◆ **Task instructions**
In the records below, find the line with "00:32:45 | 800x450 |" and repeat exactly every line from it through the line with "Matgrupp utomhus bord". Pictures stay out.

◆ **Given data**
---

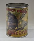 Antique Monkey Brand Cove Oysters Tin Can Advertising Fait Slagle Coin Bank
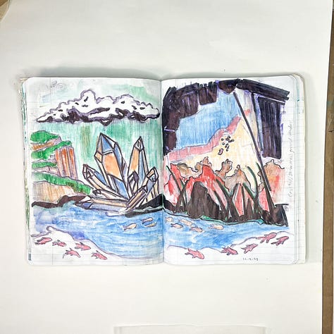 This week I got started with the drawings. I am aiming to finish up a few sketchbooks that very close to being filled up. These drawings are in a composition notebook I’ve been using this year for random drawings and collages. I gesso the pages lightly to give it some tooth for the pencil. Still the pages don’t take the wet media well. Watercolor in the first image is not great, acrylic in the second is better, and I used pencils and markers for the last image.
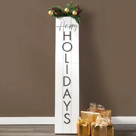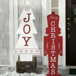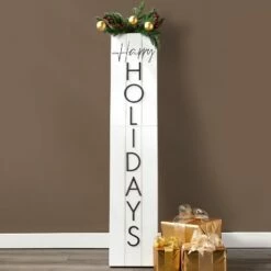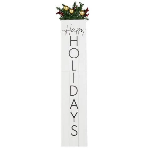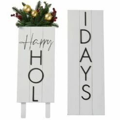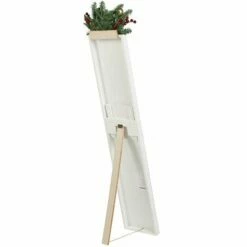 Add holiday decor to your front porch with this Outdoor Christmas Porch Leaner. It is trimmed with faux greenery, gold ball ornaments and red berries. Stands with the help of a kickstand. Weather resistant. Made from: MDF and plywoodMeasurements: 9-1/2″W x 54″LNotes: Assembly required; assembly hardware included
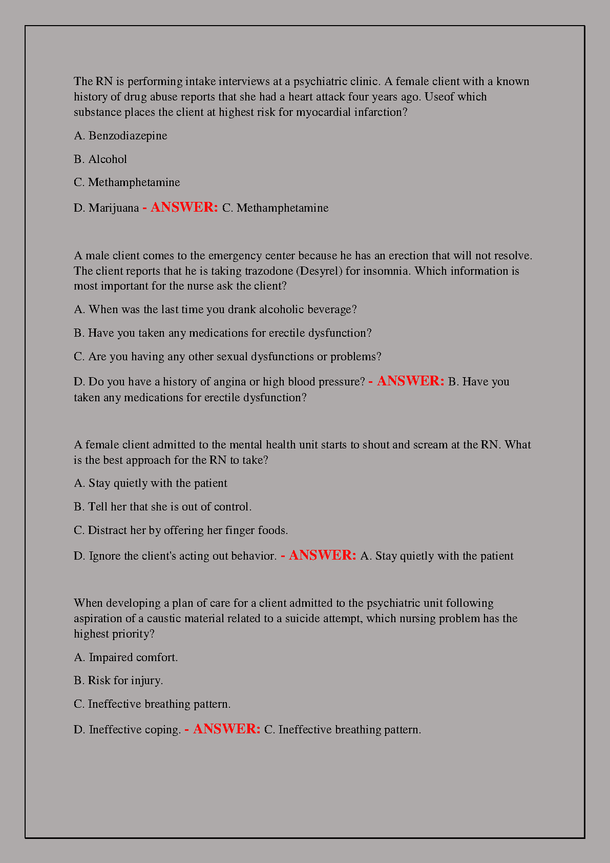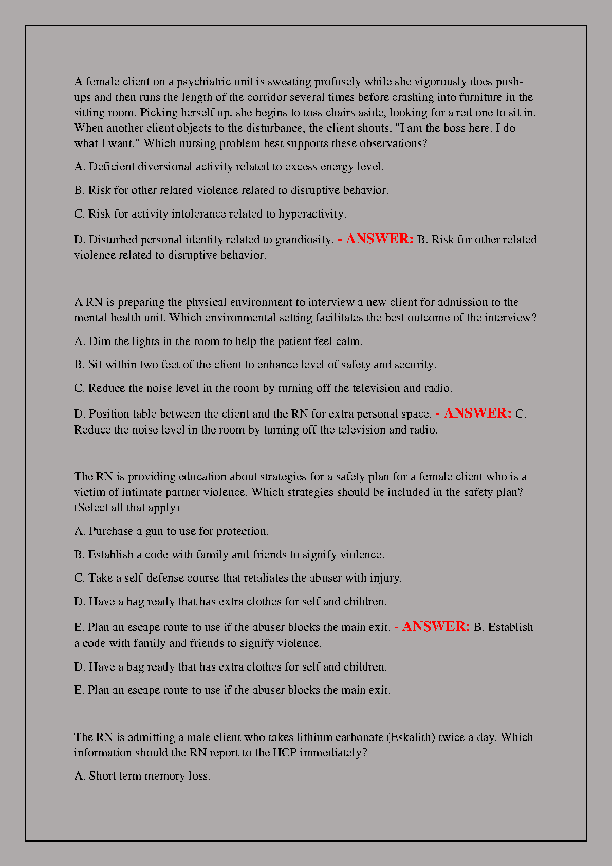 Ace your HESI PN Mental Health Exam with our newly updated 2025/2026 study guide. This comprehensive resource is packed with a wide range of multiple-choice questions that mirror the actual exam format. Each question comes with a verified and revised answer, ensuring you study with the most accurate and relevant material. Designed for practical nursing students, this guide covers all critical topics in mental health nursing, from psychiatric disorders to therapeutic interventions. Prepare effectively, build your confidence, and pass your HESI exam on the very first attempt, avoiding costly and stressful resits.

---

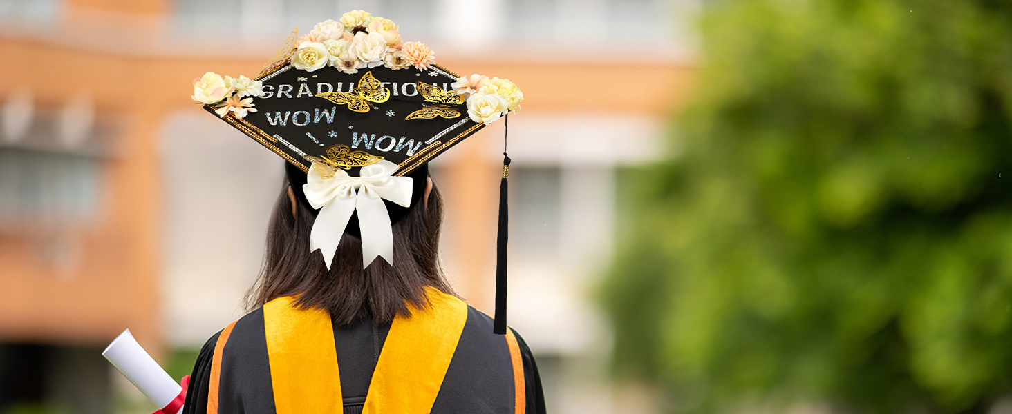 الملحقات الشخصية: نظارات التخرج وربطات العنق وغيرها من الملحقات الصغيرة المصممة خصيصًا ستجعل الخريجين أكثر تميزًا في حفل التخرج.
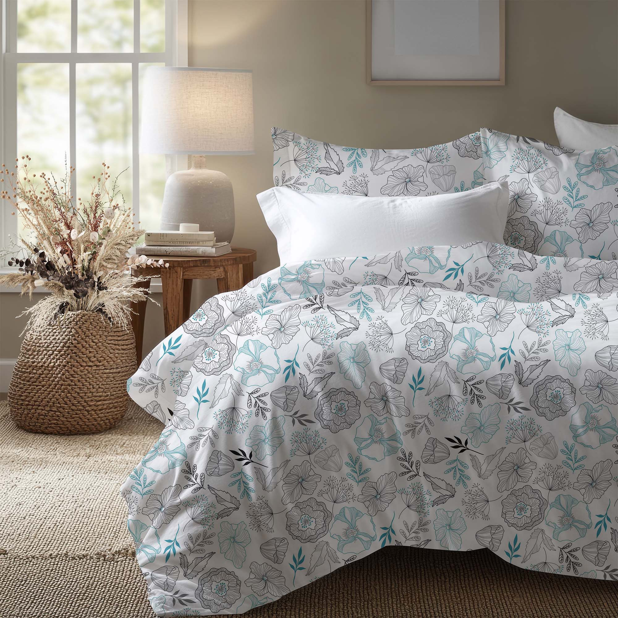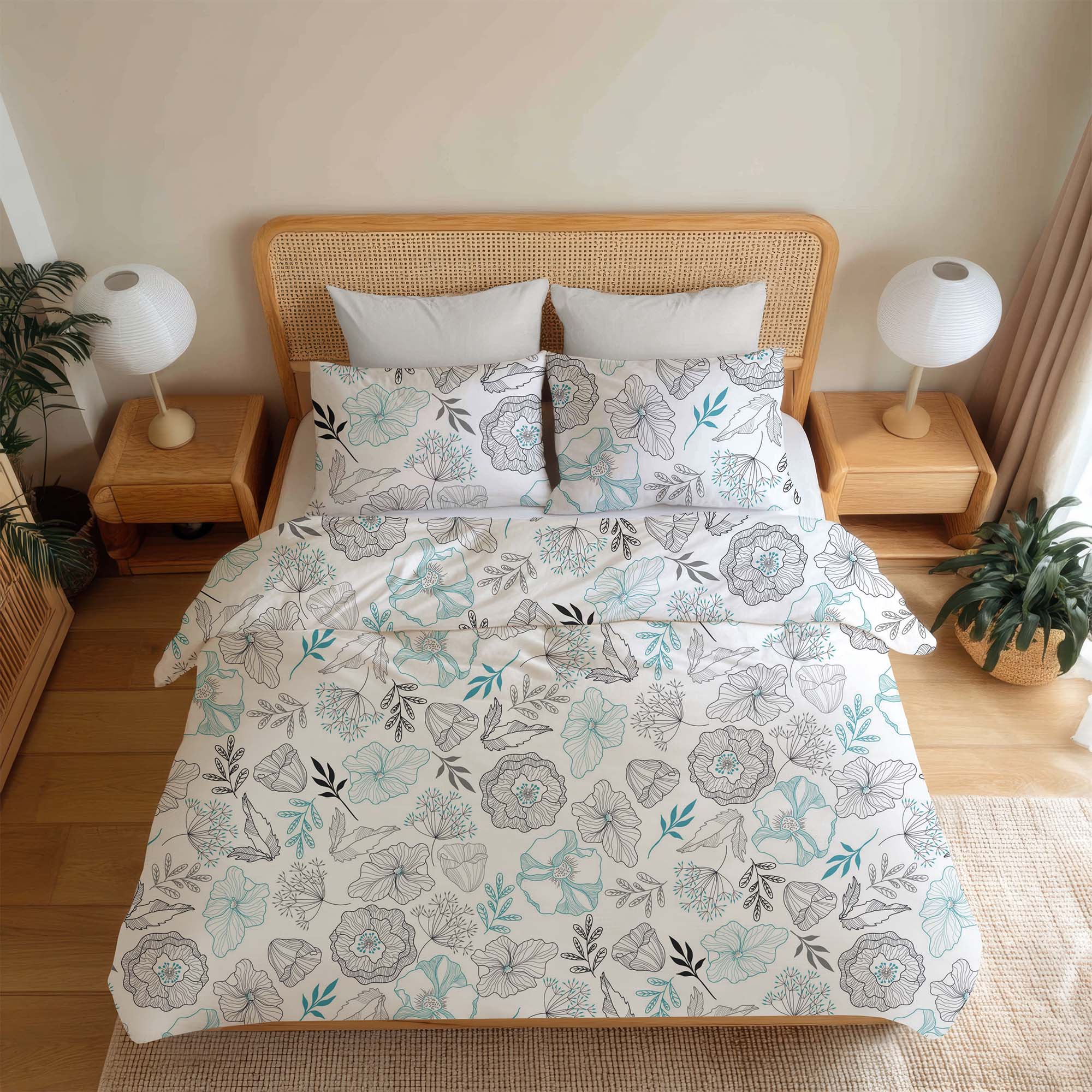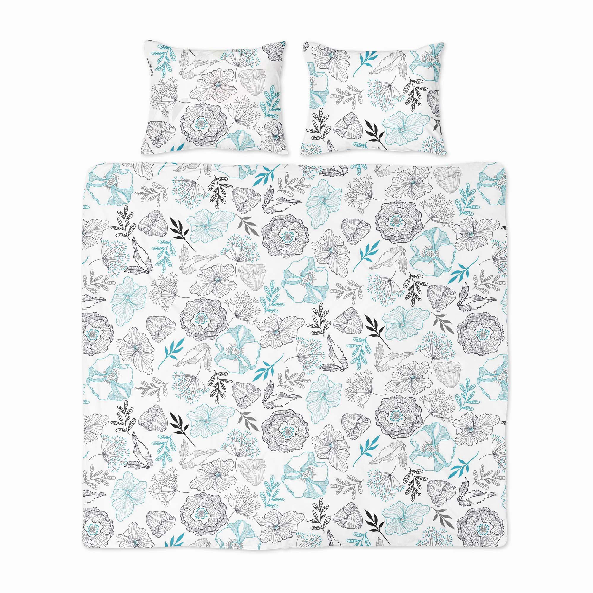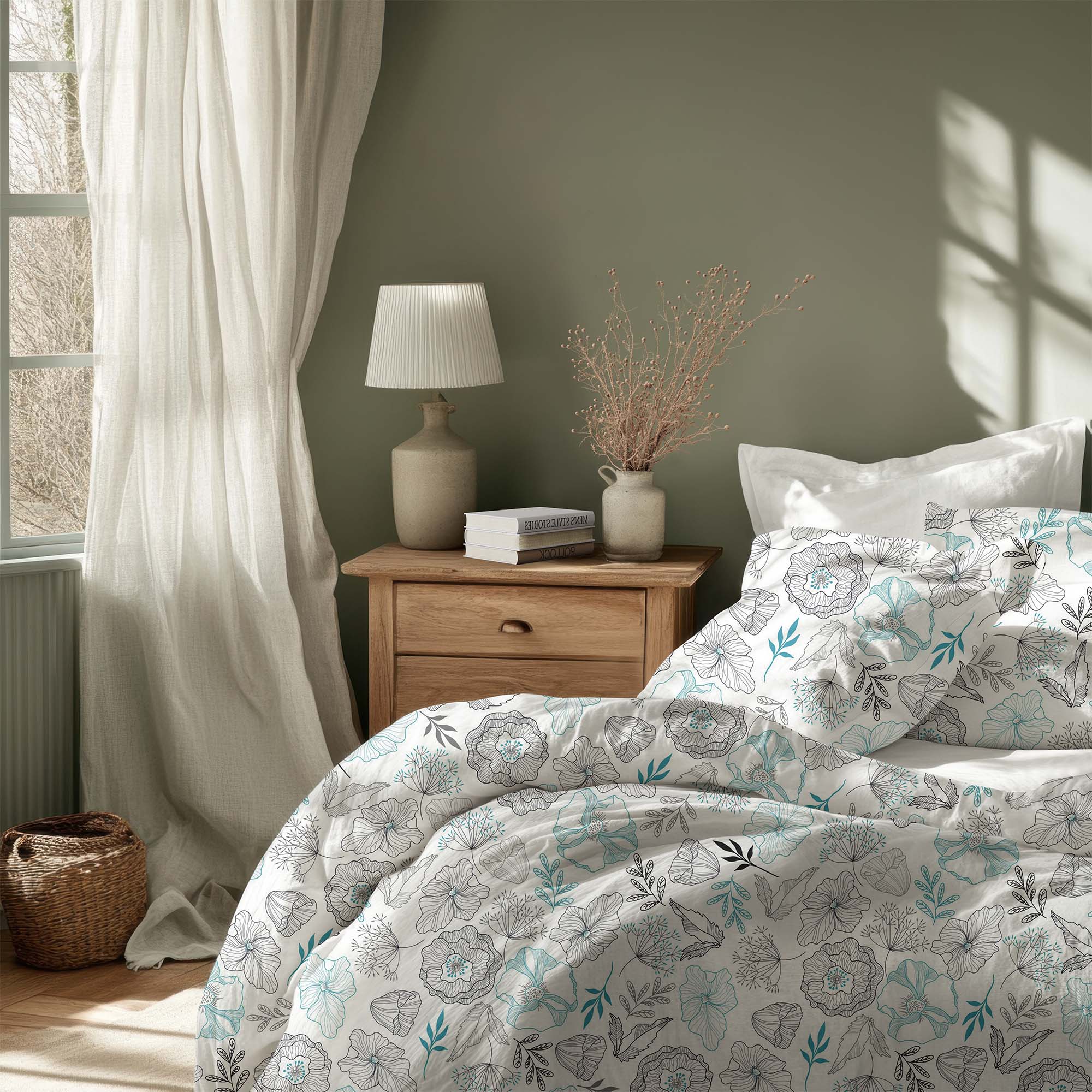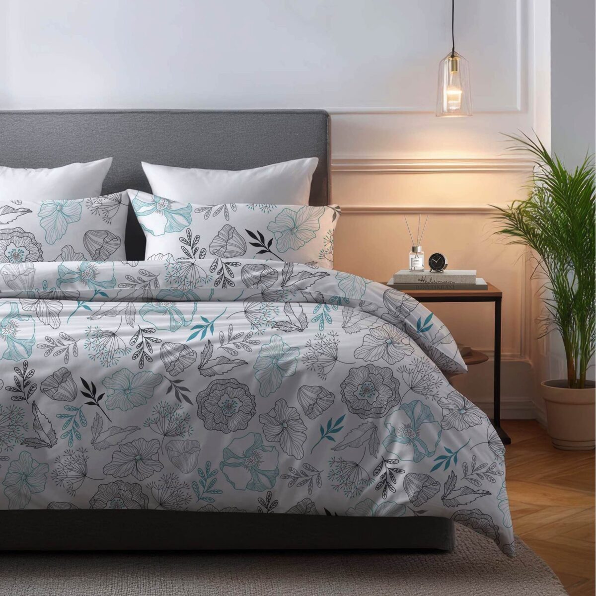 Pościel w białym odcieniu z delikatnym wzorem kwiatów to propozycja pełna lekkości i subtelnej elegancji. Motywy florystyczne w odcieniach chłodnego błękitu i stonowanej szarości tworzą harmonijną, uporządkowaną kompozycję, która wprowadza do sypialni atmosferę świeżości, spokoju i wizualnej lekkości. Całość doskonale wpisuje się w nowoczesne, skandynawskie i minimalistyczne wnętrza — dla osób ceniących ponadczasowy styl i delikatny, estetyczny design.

---

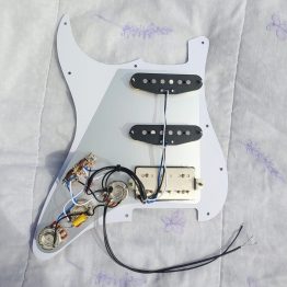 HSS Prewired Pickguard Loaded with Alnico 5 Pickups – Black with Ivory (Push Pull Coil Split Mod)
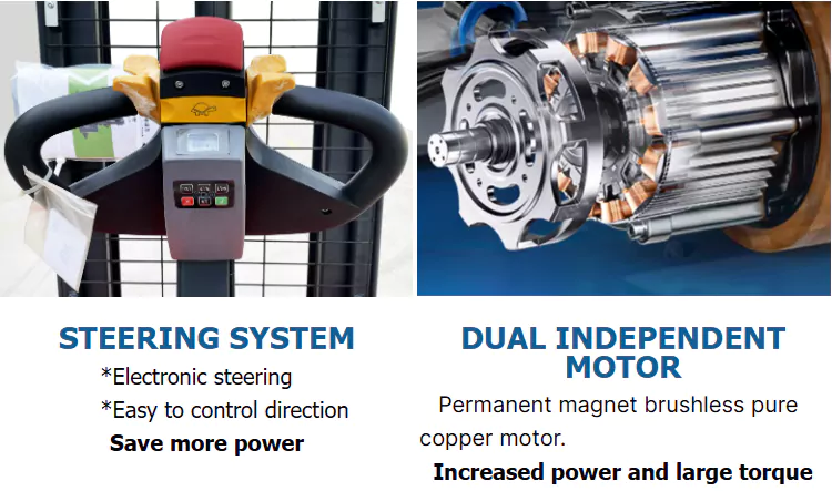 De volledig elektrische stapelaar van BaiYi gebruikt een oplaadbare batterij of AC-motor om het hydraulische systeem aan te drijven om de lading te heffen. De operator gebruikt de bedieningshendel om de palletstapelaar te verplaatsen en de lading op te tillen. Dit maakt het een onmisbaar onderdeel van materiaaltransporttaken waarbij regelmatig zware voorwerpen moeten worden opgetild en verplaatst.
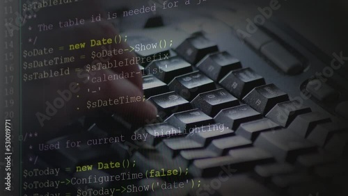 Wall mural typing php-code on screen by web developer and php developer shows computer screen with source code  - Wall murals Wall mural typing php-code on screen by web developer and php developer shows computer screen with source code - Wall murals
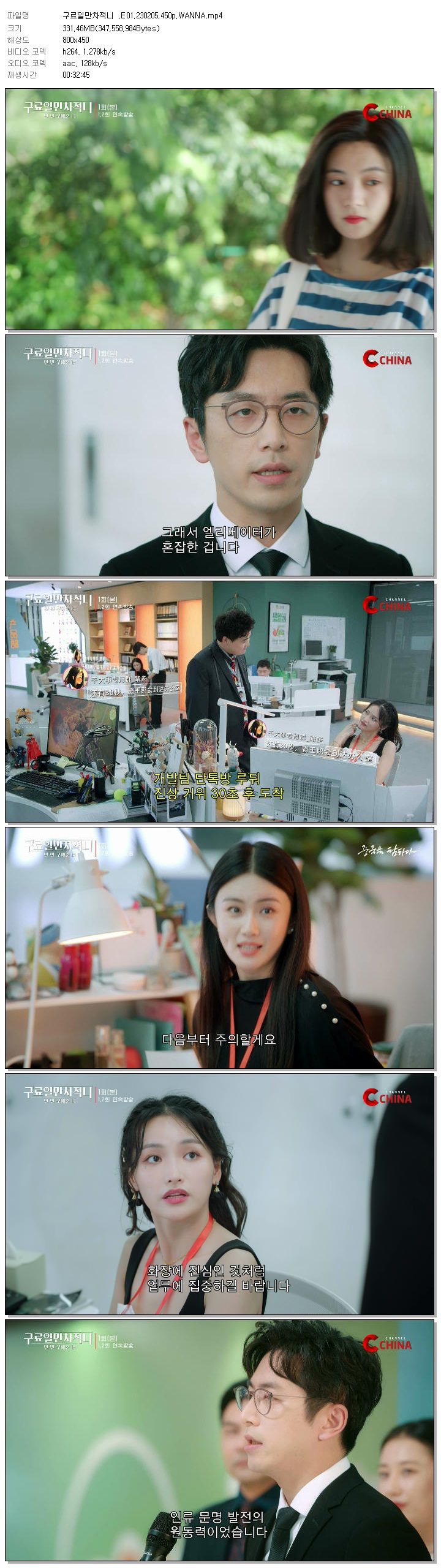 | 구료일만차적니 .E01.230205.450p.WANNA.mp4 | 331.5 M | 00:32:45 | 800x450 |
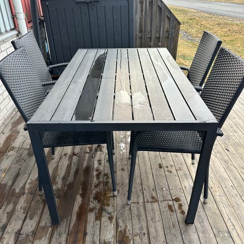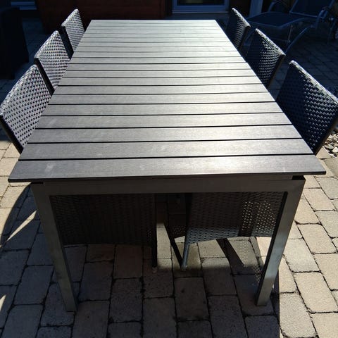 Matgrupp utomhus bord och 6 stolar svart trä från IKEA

---

◆ **Reply**
 | 구료일만차적니 .E01.230205.450p.WANNA.mp4 | 331.5 M | 00:32:45 | 800x450 |
 Matgrupp utomhus bord och 6 stolar svart trä från IKEA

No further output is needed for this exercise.